Museumscafé

 

Die Cafeteria des Zentrums für Psychosoziale Medizin im Nachbargebäude wurde mithilfe der finanziellen Unterstützung vieler Freunde und Förderer zu einem attraktiven Museumscafé umgestaltet. Mit dem Café wollen Museum und IBA das Potential des Museums im Stadtteil Bergheim sichtbar machen und für eine große bauliche Erweiterung werben. Und auch für die Patienten, ihre Angehörigen und die Mitarbeiter des Klinikums gewinnt der Ort mit dem neuen Café an Attraktivität. Geöffnet ist vorerst von Montag bis Freitag von 10.30 bis 14 Uhr. Um bald längere Öffnungszeiten anbieten zu können, ist das Museum auf der Suche nach einem geeigneten Betreiber.

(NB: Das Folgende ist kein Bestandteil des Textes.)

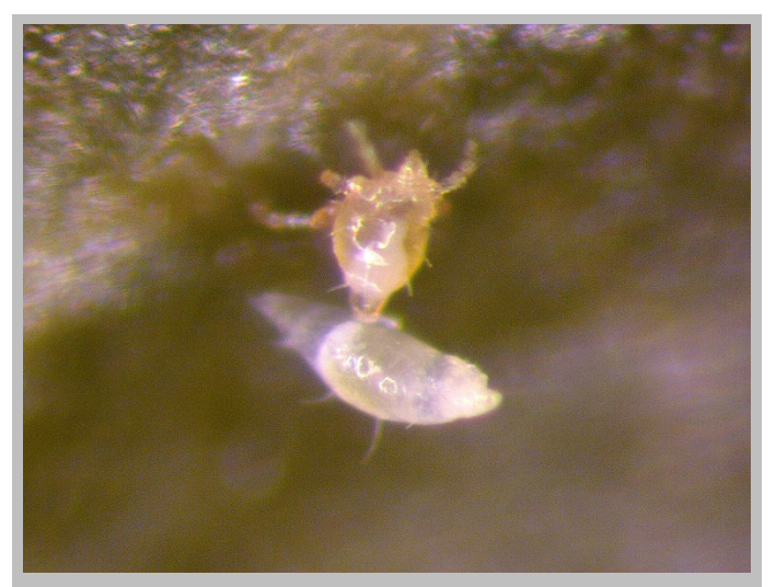
Image 5. An adult male broad mite is carrying a quiescent female. He may carry her to a new plant and begin a new generation.

Schon von weitem wird deutlich, dass sich hier etwas verändert hat: Auf der Wiese vor dem Museum steht eine mehr als drei Meter hohe Eisenskulptur, der Mann ohne Schwerkraft von Josef Forster (nach einem Entwurf von Karoline Becker), der auch für das Logo des Museums gewählt wurde. Eine Lichtinstallation in den Arkadengängen und gelbe pixelartige Aufkleber auf dem Boden weisen den Weg zum neuen Museumscafé und verbinden Café und Museum optisch miteinander. In der ehemaligen Cafeteria hat der Innenarchitekt Fabian Friedhoff von 3-EFF raumidentitäten aus Stuttgart mit dunklen Wänden und gepolsterten Sitznischen in den Fensterlaibungen eine gemütliche Kaffeehausatmosphäre geschaffen. Die Brücke zur Sammlung im Nachbargebäude schlägt die Künstlerin Julia Kuhl. Sie hat an der Rückwand des Cafés die Geschichte der Sammlung graphisch aufbereitet. Alles ist also bereit, nur ein geeigneter Betreiber fehlt noch. Thomas Röske, Leiter des Museums: „Die Leitung des Zentrums für Psychosoziale Medizin ist mit mehreren Anbietern im Gespräch und bemüht sich, so schnell wie möglich eine passende Lösung zu finden.“ Passend heißt in diesem Fall ein Betreiber mit einem inklusiven Konzept, das psychisch kranke Menschen in die Arbeit einbindet. Bis dieser gefunden ist, wird das Café weiter allein von der KSG (Klinik Service GmbH) des Universitätsklinikums Heidelberg betrieben.
Die Finanzierung des Museumscafés

Das Museum dankt den vielen Förderern und Unterstützern. Das Budget für den Umbau wurde im Winter 2017 über eine Crowdfunding-Aktion gesammelt. 53 Bürger*innen und ein Sponsor unterstützten das Projekt mit insgesamt 6.038 Euro. Die IBA Heidelberg organisierte einen Entwurfsworkshop und übernahm die Planungskosten des Interims-Cafés und der Umgebungsgestaltung. Die Eisenskulptur vor dem Museum wurde von der Hector Stiftung II Kunst gGmbH finanziert. Die Baumaßnahmen wurden von der Klinik-Technik-GmbH begleitet.